Il partito di Bersani evidenzia la sintonia con il Quirinale. Fischi a destra, applausi a sinistra. È una celebrazione “patriottica” anomala questa per i 150 anni dell’Unità d’Italia. Anche se i meno sorpresi sembrano proprio i Democratici, che sull’importanza di questo anniversario insistono da mesi, a partire dalla Festa nazionale che si è svolta a Torino a inizio settembre. «Io voglio che il mio sia un partito di patrioti, di autonomisti e di riformatori – ha detto ieri Pier Luigi Bersani guidando una delegazione del Pd sull’Altare della patria, omaggio inedito per un partito politico – la parola “patriota” è stata sempre legata ai democratici, mai ai conservatori, e noi dobbiamo recuperare questo tratto in una Italia che deve essere ricca di autonomie».
Ieri questa intenzione è apparsa evidente, dalle coccarde tricolori indossate dai deputati dem ai primi versi dell’Inno intonati in aula al termine del discorso di Napolitano, con il resto dell’emiciclo che si accoda all’iniziativa del Pd.
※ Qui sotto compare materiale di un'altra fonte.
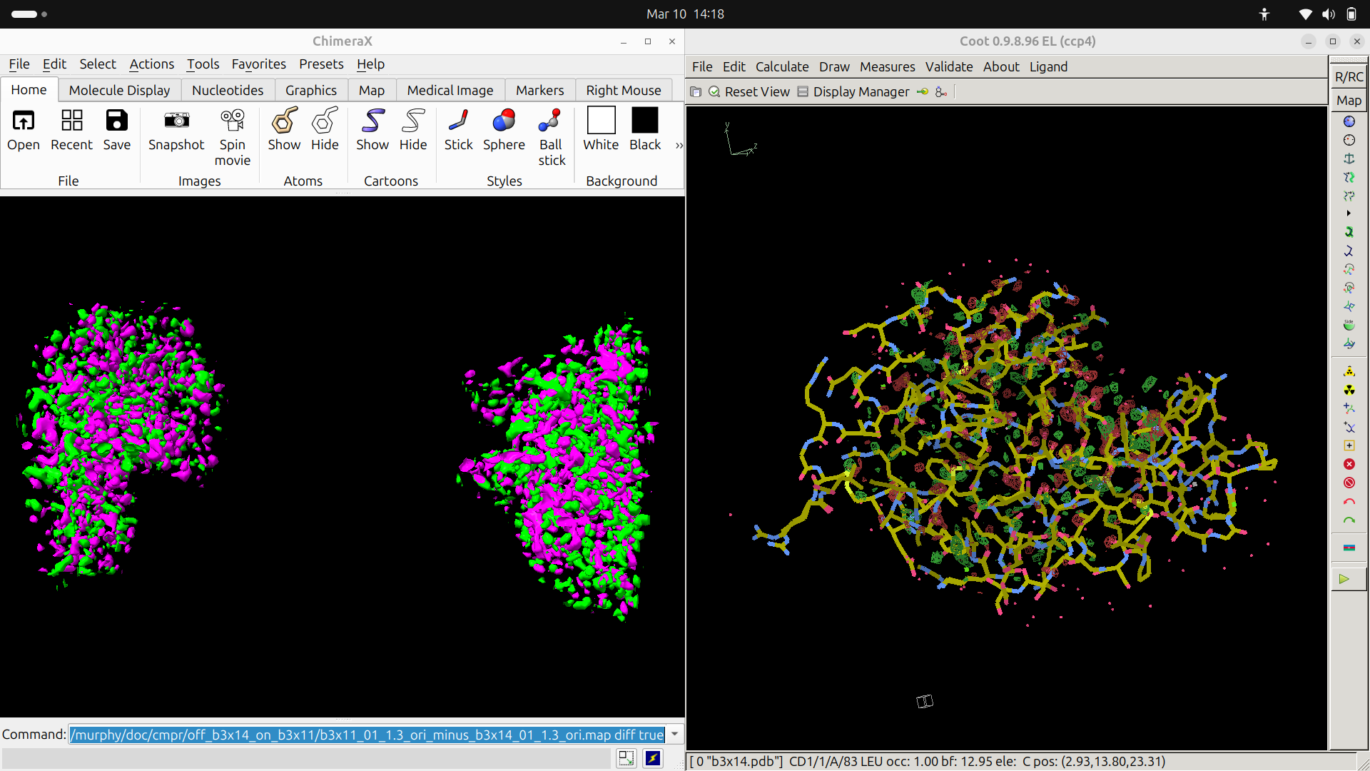 Hi, I generated a difference map using MatchMaps ( https://github.com/rs-station/matchmaps). However, when I load the map in ChimeraX, the density appears split into two distinct regions. Interestingly, this does not occur when the same map is opened in Coot, where it displays as expected. I have attached a screenshot for reference. Any ideas on how to “unsplit” the map or what might be causing this behavior? Thanks in advance.

Se Berlusconi, e con lui tutto il Pdl, paga in termini di immagine soprattutto in questi giorni l’alleanza con Bossi, che tante volte lo ha premiato invece nelle urne, il segretario dem ha scontato rapidamente le immediate polemiche per la sua intervista alla Padania e oggi può parlare di «tradimento» dei principi costituzionali da parte della Lega senza il timore di contraccolpi. Rovesciando, anzi, le responsabilità leghiste sul Cavaliere: «Chi giura sulla Costituzione e sulla bandiera o è coerente o va a casa e il presidente del consiglio deve renderne conto», ha ribadito ieri.
Il clima favorevole al Pd, peraltro unico partito italiano ad avere un simbolo tricolore, si allarga anche agli ex rappresentanti istituzionali a esso più vicini. Ieri, al loro ingresso a Montecitorio per le celebrazioni ufficiali, la folla presente in piazza ha calorosamente applaudito i presidenti emeriti Oscar Luigi Scalfaro e, ancora più intensamente, Carlo Azeglio Ciampi.
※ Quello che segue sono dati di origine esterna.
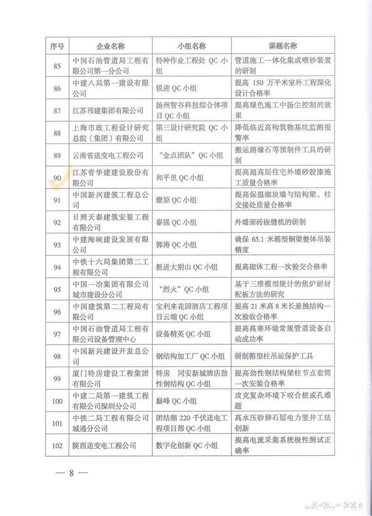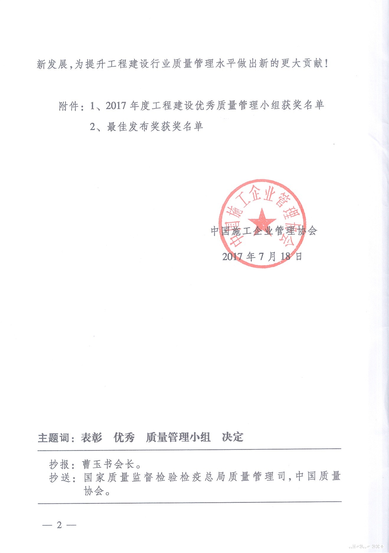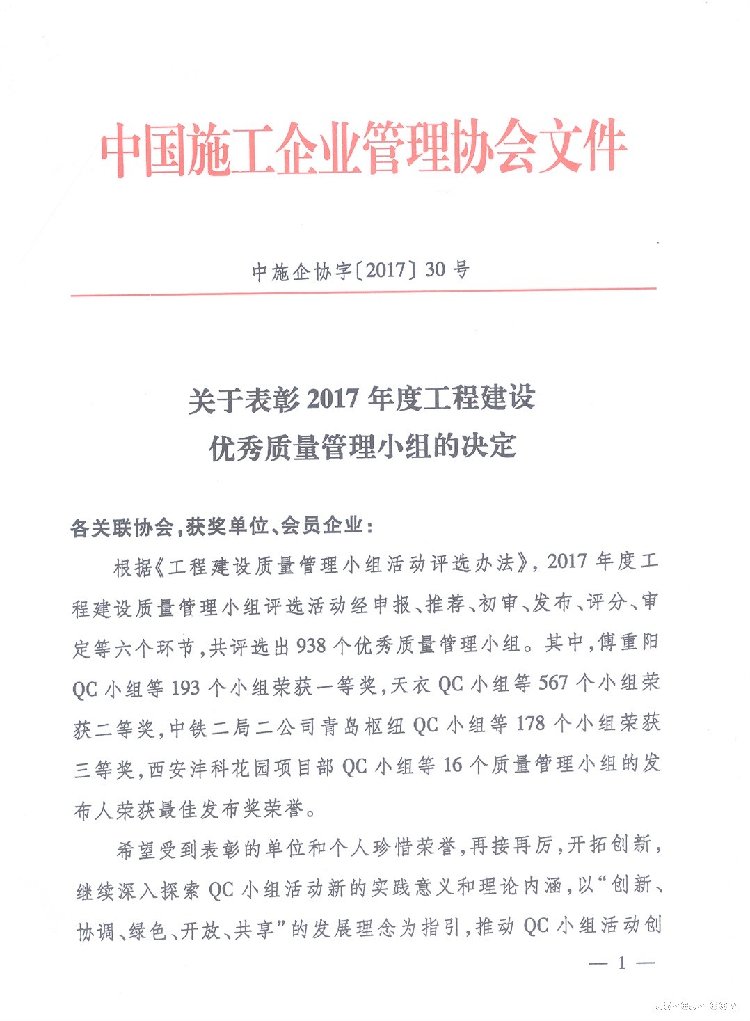 关于表彰2017年度工程建设优秀质量管理小组的决定

Tra i primi “ospiti” a giungere alla camera c’è stato Romano Prodi e anche per lui dalla gente in attesa sono arrivati solo applausi, che hanno fatto apparire ancora più stridenti i fischi piovuti poco dopo su Ignazio La Russa. Bersani ha accolto per primo in aula con un abbraccio sia Ciampi che Prodi, con il quale ha scambiato anche qualche parola. E, alla fine della celebrazione, ha apprezzato il discorso di Napolitano come «un punto esclamativo su una giornata splendida, nella quale tanti cittadini hanno fatto sentire il loro affetto per l’unità del nostro paese e per le sue radici democratiche e costituzionali».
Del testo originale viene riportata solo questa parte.